-- Task instructions --
Drop all pictures and repeat exactly the lines from the line holding "髙瀬 あをさんの総格は37画の5点!" through the end of the records.

-- Exercise inputs --
::::::::
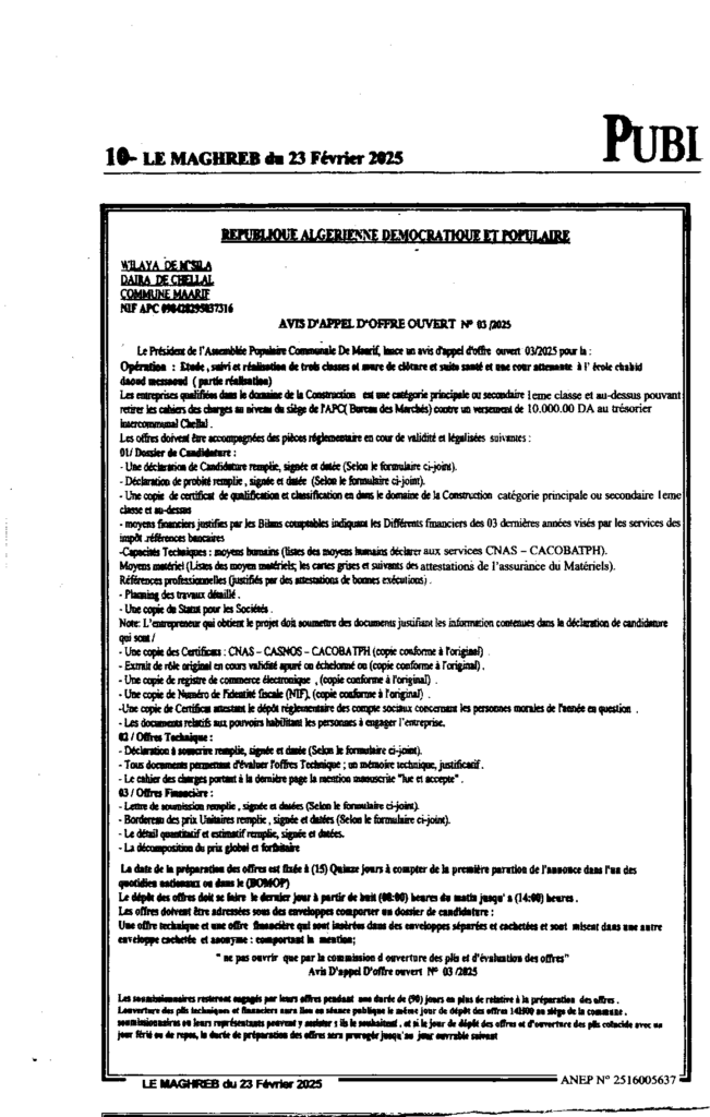 إعلان عن طلب عروض مفتوح 2025/03 بلدية معاريف
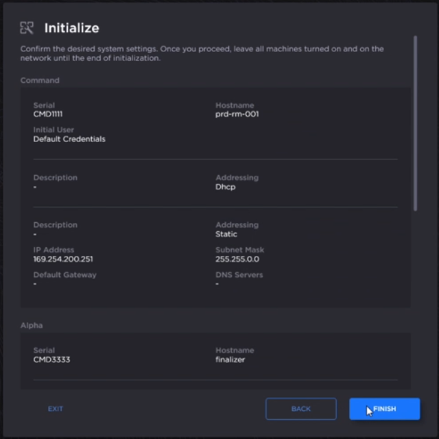 After confirming settings, click Finish. The system initializes.
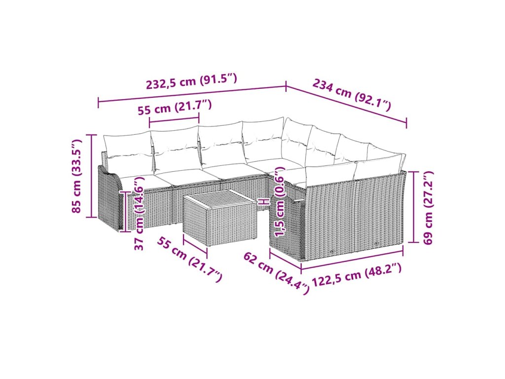 - Součásti: V sadě najdete 4 středové sedáky, 2 rohové sedačky, 2 pohovky a zahradní stůl. S tímhle máte dostatek místa pro rodinu a přátele. Každý kus, od zadního panelu z polyratanu po pohodlné sedáky, je navržen pro maximální komfort.
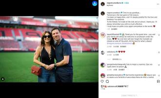 阿蘭布魯在社媒曬出與阿隆索的合影,配文寫道:“是時候說再見了,這是最后一場比賽了。我很高興曾來過這里,也很感激在這里獲得的愛心與善意。感謝我那些在俱樂部相識的朋友,我會永遠(yuǎn)記住你們。真心希望我們有朝一日能再度相逢。”
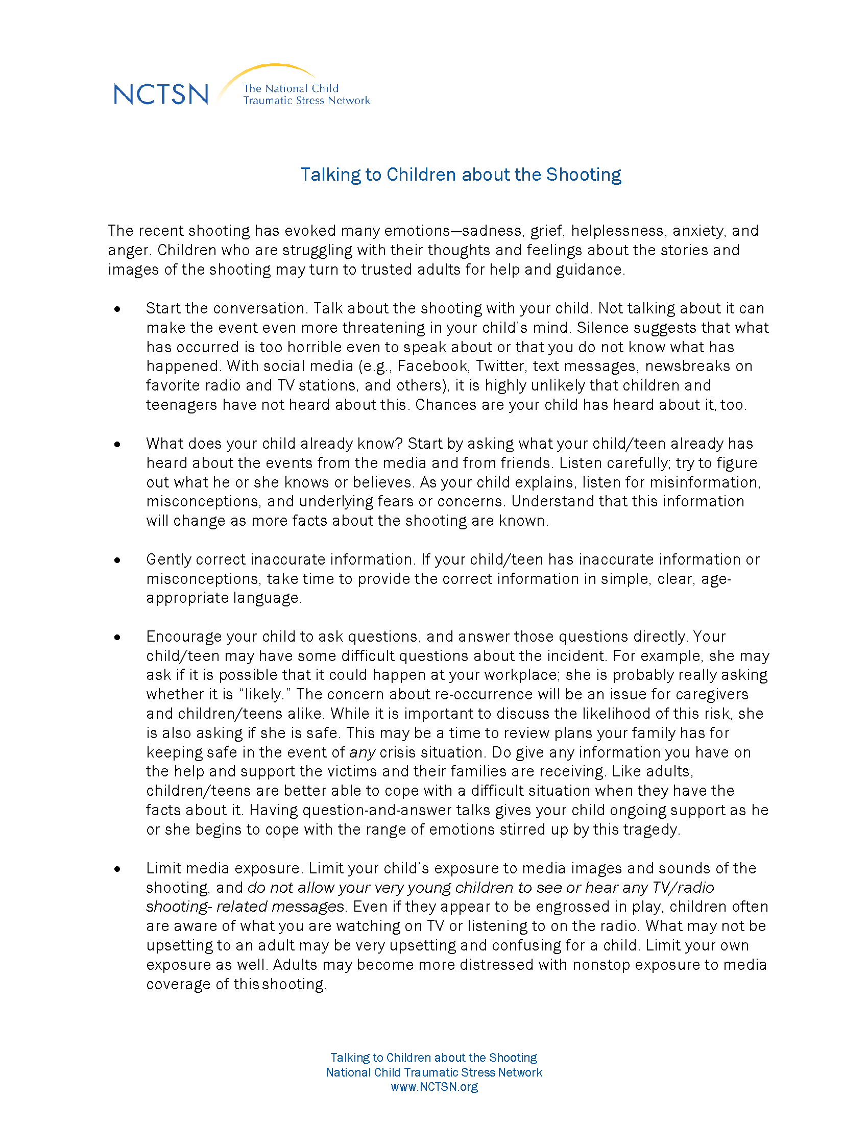提供如何与儿童谈论大规模枪击事件的信息。这张提示表描述了如何与儿童谈论涉及枪击的大规模暴力事件。它提供了如何开始对话的建议,孩子们可能有的常见反应,以及如果需要如何寻求帮助。
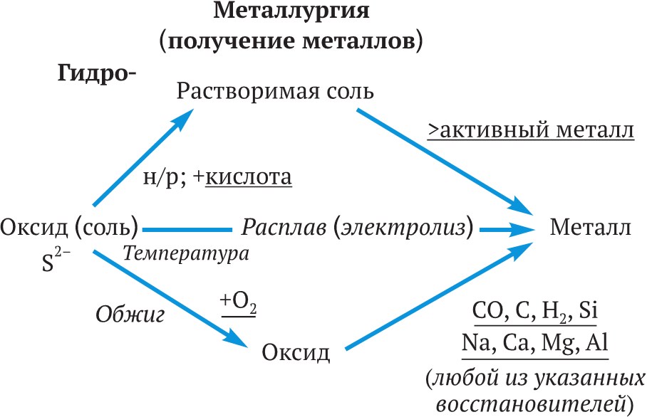 Рис. 1. Металлургия: общая схема химических реакций в процессах при получении металлов. Авторская разработка
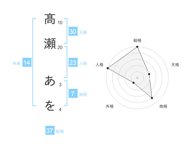 髙瀬 あをさんの総格は37画の5点!
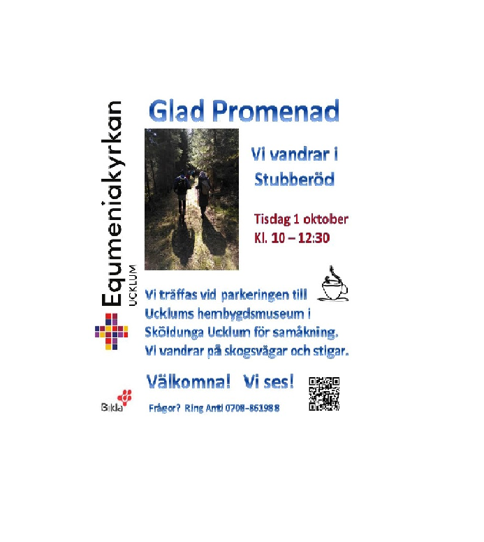 Okategoriserade Glad promenad tisdag 2024-10-01 kl 10:00 Publicerat 29 september, 2024 Välkomna! Dela
::::::::
-- Response area --
 髙瀬 あをさんの総格は37画の5点!
 Okategoriserade Glad promenad tisdag 2024-10-01 kl 10:00 Publicerat 29 september, 2024 Välkomna! Dela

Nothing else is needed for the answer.